Put another log on the fire mother

I'm a bit of a softy weatherwise. We get  a lot of extreme weather here  and I don't like it. Well, I don't like most of the extremes. When the sun's beating down in June, July and August that's an extreme I can be doing with. I don't like it though when the wind blows hard. I expect the garden chairs, or something else not firmly anchored, to smash into my parked car. I can visualise the pine trees outside the house toppling over and taking down the roof of the house. I don't like it when it hails. Again I worry about the motor. Cars with hundreds of little craters, in the skyward facing bodywork, are commonplace around here. I don't like it when it rains hard. I am quite sure the drain in the back patio will block and that water will flood into our living room and even if that doesn't happen it's a certainty that the water will gouge deep channels into the track outside our house. I don't like it when the temperature drops either and our water pipes freeze.

As I typed this thunder was booming out. The rain had been coming down in sheets. We've had sleet and snow and there has been a biting cold wind. I can see snow on the hills opposite our house. In fact we've been lucky. Yecla and Villena, which are within 40 kms of here, have had heavy snow; Villena was even isolated for a while. Down on the coast the waves have been going over the top of beach side houses. The TV news has been much more about Borrasca Gloria than it has about Trump losing his few remaining marbles or politicians suggesting direct rule from Madrid of Murcia to stem the homophobia of the far right party Vox.

We've been doing our bit to bring about the next mass global extinction by pouring heat into our house to keep warm the past few days. As we have almost no insulation of any sort, anywhere, the heat just flies out of the doors, windows and roof. I've been looking for figure, that I'm sure I saw a couple of years ago, that said something like 80% or 90% of all new builds in Alicante province had the poorest levels of insulation using that Energy Performance Certificate rating. In the hunt I found that Spain ranks as No. 7 in the most energy efficient countries in the World (Germany No. 1, UK No. 5) which would seem to go against my half remembered fact. There is a difference though. When Spaniards ask me what I least like about Spain I always say the horrid winters.
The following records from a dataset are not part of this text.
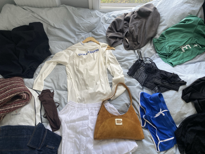 The scene, located in Champs-sur-Marne, France, depicts various clothing items and accessories spread across a bed within an interior room. The bed is covered with light blue and white striped bedding. A window is partially visible in the upper background, revealing green outdoor foliage. On the top-left, a pair of black relaxed-fit pants or joggers is present. Below these, a folded, thick textile item with maroon and cream horizontal stripes, resembling a blanket or throw, is visible. Adjacent and partially underneath, a white garment, likely a jacket or vest, displays "MONCLER" in black text. To the far left, a section of dark blue denim jeans is seen. Centered on the bed is an off-white, long-sleeved top with "COURREGES" written in blue capital letters across the chest, laid flat, appearing to be on a wooden hanger. Beneath this top, a white pleated skirt or shorts is spread out. A thin, dark brown garment, possibly a camisole, is partially obscured beneath the white pleated item. On the upper-right, a pair of dark gray or brown sweatpants is loosely placed. Adjacent to them, a crumpled green long-sleeved shirt with faint white lettering on its front is visible. Below the sweatpants, a black lace bodysuit or bustier with thin straps and a visible hook-and-eye closure is laid out. Further down, a pair of bright royal blue athletic shorts with white trim and white drawstrings is present. A crumpled black garment, possibly a top or dress, is situated in the bottom-right corner. Towards the bottom-center, a tan or camel-colored suede hobo-style handbag featuring a prominent silver "C" shaped metal clasp on its front flap is positioned. No individuals are present in the scene.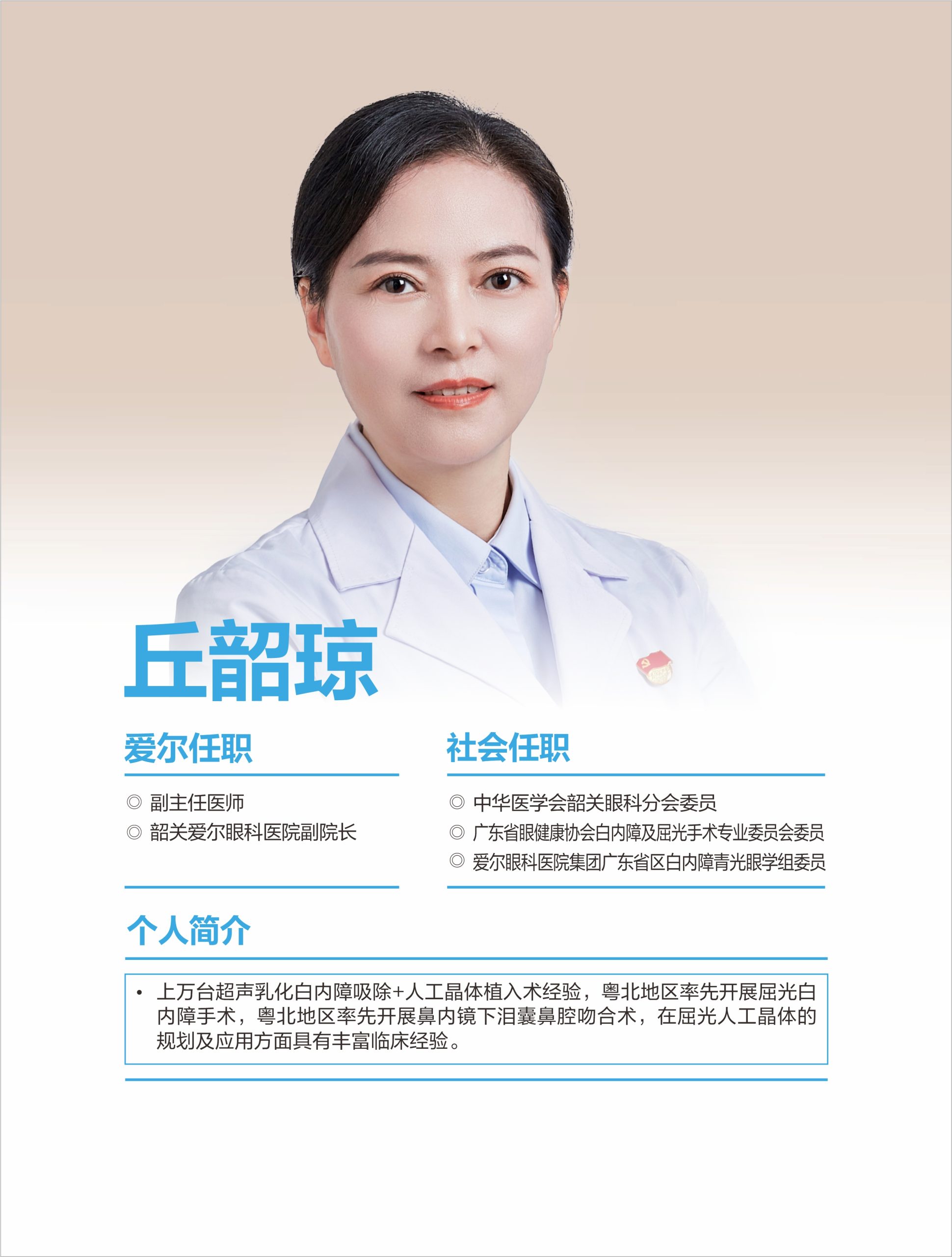 韶關愛爾眼科醫(yī)院有限公司白內障團隊擁王愛琴院長(愛爾眼科粵北區(qū))、丘韶瓊院長、郭俊豪主任等多位專科醫(yī)生,具備同步國際的白內障手術能力,能熟練開展各項常規(guī)及疑難白內障手術。 可開展微切口煥晶白內障手術,植入多焦晶體或多焦+散光矯正晶體,在治療白內障同時同步解決遠視/近視、老花眼、角膜散光等屈光問題,醫(yī)生手術經(jīng)驗豐富,為眾多患者帶來更舒適的視覺。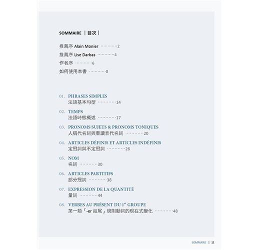這本教材是踏入法語文法的第一步。身為數個法語教學機構的老師,我會毫不猶豫地推薦此教材給初學法語的學生們。

For most of the year we have blue skies and sun outside but in winter, when the midday outside temperature is 12º C, it can be T shirt weather in the garden and mitten weather in the ice box that is our living room. It's dead normal to see people sitting in offices around here wearing coats as they work. Now in the colder parts of Spain, like Burgos and Pamplona, houses and buildings in general are set up to deal with the bad winter weather but in Alicante and Murcia people stubbornly cling to the belief that we only have a couple of cold months. The table below shows the figures for our nearest weather station for 2019.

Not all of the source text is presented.